Talking tech since 2003

The first computer, developed by the ENIAC in 1946, weighed more than 50 tons and occupied a space of nearly 1,800 square feet. Currently, your average tablet, which weighs less than a pound and stands at just under one foot, can run circles around the ENIAC in capabilities. This is just one example of how dematerialization has taken place.

With the introduction of 5G wireless technology, the fifth generation of mobile networking will allow users to not only interconnect people, but interconnect and command devices, objects and machines. The new levels of efficiency delivered by 5G will connect industries whose paths have never before crossed and empower new user experiences unlike any that came before, heralding the ultimate dematerialization of technology. This disruptive trend presents businesses with the inevitable choice to adapt or fail. For those determined to thrive, here are three crucial strategies companies need to employ to keep up with constant technological advancements and to stay ahead of the competition.

Always Focus on the Customer

To find the first integral strategy for thriving in an ever-evolving tech world, one need look no further than Google. Known for its innovation and continued success, Google developed its own, unique business model and at the top of that actionable list is “Focus on the user.” In an era where technology has taken center stage, it is easy to believe that offering impressive tech with your goods and services is enough to float your company, but impressive tech is useless if it’s not tailored to a specific customer.

As dematerialization occurs and technology disappears, it is the customer that becomes more visible.
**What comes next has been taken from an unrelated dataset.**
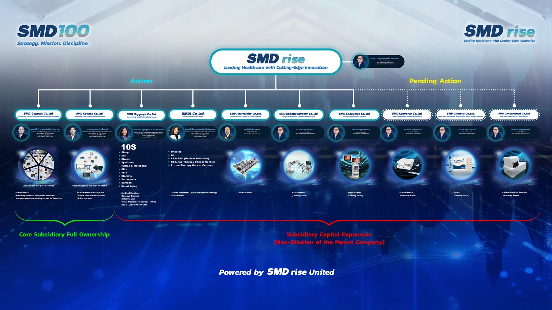 ทั้งนี้ บริษัท เอสเอ็มดี ไอ จำกัด ได้ลงนามบันทึกความเข้าใจ (MOU) กับโรงพยาบาลธรรมศาสตร์ เฉลิมพระเกียรติในโครงการศูนย์บำบัดมะเร็งด้วยเทคโนโลยี Proton Therapy โดยโครงการนี้ถือเป็นความร่วมมือที่สำคัญในการขยายขีดความสามารถด้านการแพทย์ของประเทศไทย พร้อมยกระดับการรักษาให้ได้มาตรฐานระดับสากล ซึ่งโครงการนี้จะเป็นตัวอย่างของการลงทุนที่มีผลตอบแทนเชิงเศรษฐกิจควบคู่กับผลกระทบเชิงสังคม หรือ Financial Returns with Social Impact โดยแสดงให้เห็นถึงความสมดุลระหว่างการสร้างผลตอบแทนทางธุรกิจและการยกระดับ คุณภาพชีวิตของประชาชน - บริษัท เอสเอ็มดี คอนเน็กซ์ จำกัด (SMD Connex Co., Ltd.) ดูแลผลิตภัณฑ์ในกลุ่ม Cardiovascular Product Portfolio และระบบ Clinical Information Portfolio และระบบ Clinical Information System (CIS) โดยเน้นการเชื่อมโยงข้อมูลจากอุปกรณ์ทางการแพทย์สู่ระบบดิจิทัล ดำเนินธุรกิจผ่านโมเดลขาย การเช่า และการสมัครสมาชิก (Subscription)

Whether your customers are American moms or Japanese paper distributors, the strategy is the same: Be customer-centric in all decisions. The airline Virgin Atlantic did not offer free TV, on-board massages, stand-up comics and a glass-bottom plane by focusing on the bottom line, but rather by anticipating the desires of their clientele. And the success of companies like Google and Virgin Atlantic show that this step cannot be compromised.
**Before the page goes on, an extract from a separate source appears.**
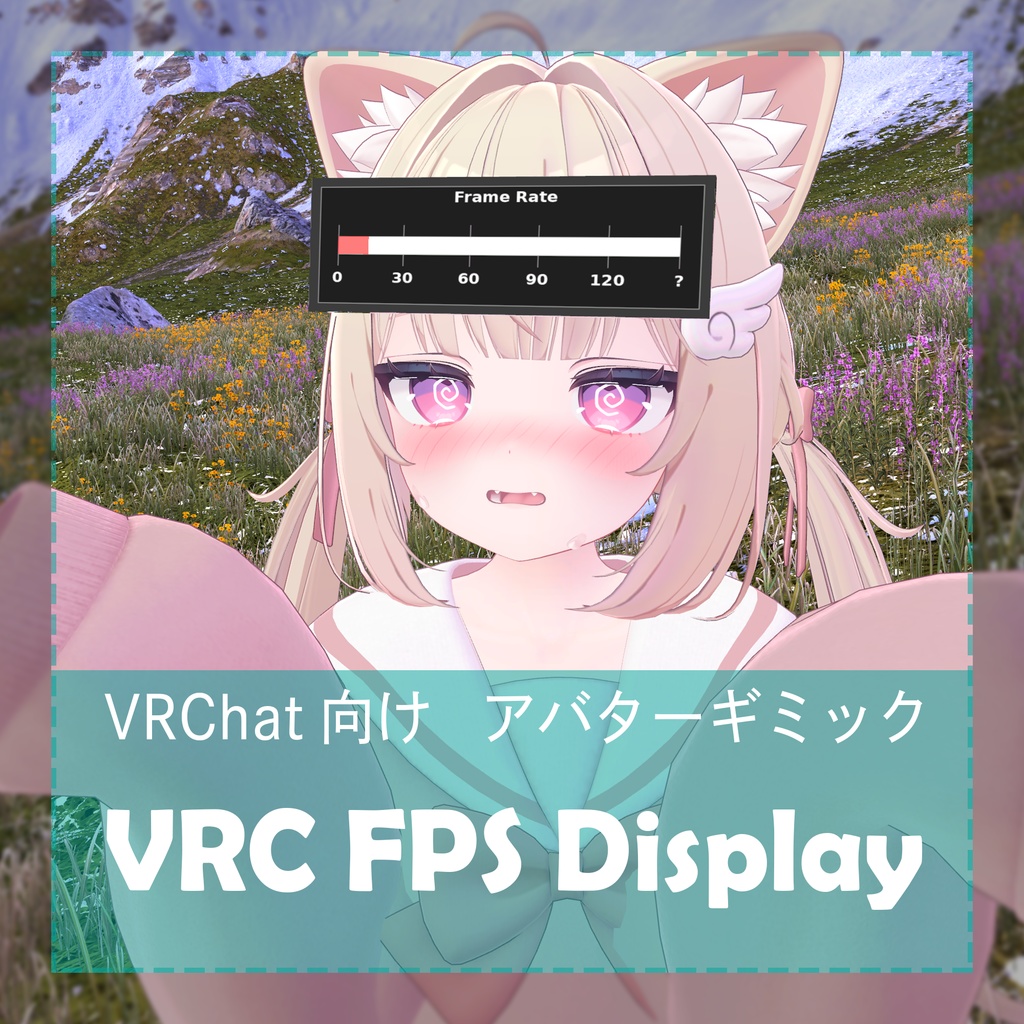OSC連携で、誰が見ても同じFPSの値を表示! 確実に「自分の」FPSを見せつけることができます。 パフォーマンスに連動してゲージの色が変わります。 ・赤色: 30FPS未満 ・オレンジ: 30~60FPS ・緑色: 60~90FPS ・シアン: 90FPS以上 色変えテクスチャ付きで、黒 / 白のバリエーションが楽しめます。 With OSC linkage, the same FPS value is displayed for everyone to see! You can reliably show “your” FPS. The color of the gauge changes in conjunction with performance. Red: less than 30FPS - Orange: 30-60FPS - Green: 60-90FPS - Cyan: over 90FPS Black/white variation with color change texture.

Be Open to New Methods and Ideas

If the technological age has taught us anything, it is that the old rules no longer apply. In the past, generating business meant time and money. It meant developing new product suites, the construction of new buildings, the addition of workforce, but the success stories of today, like Instagram and Airbnb, employ strategies directly opposing the traditional practices of scaling up capital-intensive businesses. Dematerialization means the disappearance of actual, new physical products, with the focus centering on products you cannot see, like Instagram, or products that already exist, as is the case with Airbnb. Additionally, generating new ideas should not come solely from a boardroom meeting. This is the age of consumer online reviews and entrepreneurial crowdsourcing. Crowdsourcing alone can allow for inspiring insights, ideas, new products and services and with the globalization of business, you can pull not only ideas but workforce from across the globe.

Partner with Startups

Particular relevant for IT organizations, partnering with startups allows for more widespread innovation and production. In the dematerialization age, instead of a single company attempting to fund all innovation projects itself, it is smarter and more cost efficient to foster a partnership with a startup within the same industry. Many startups are anxious to collaborate with other companies in order to try out their advances and forging these relationships means your company gets access to new advancements without having to cope with culture change or excessive risk.

In short, the game has changed. With the introduction of 5G, the business world will never be the same and employing strategies including focusing on the customer, being open to new suggestions and practices, and finding an appropriate startup to collaborate with will increase your chances of survival in this dematerialized market.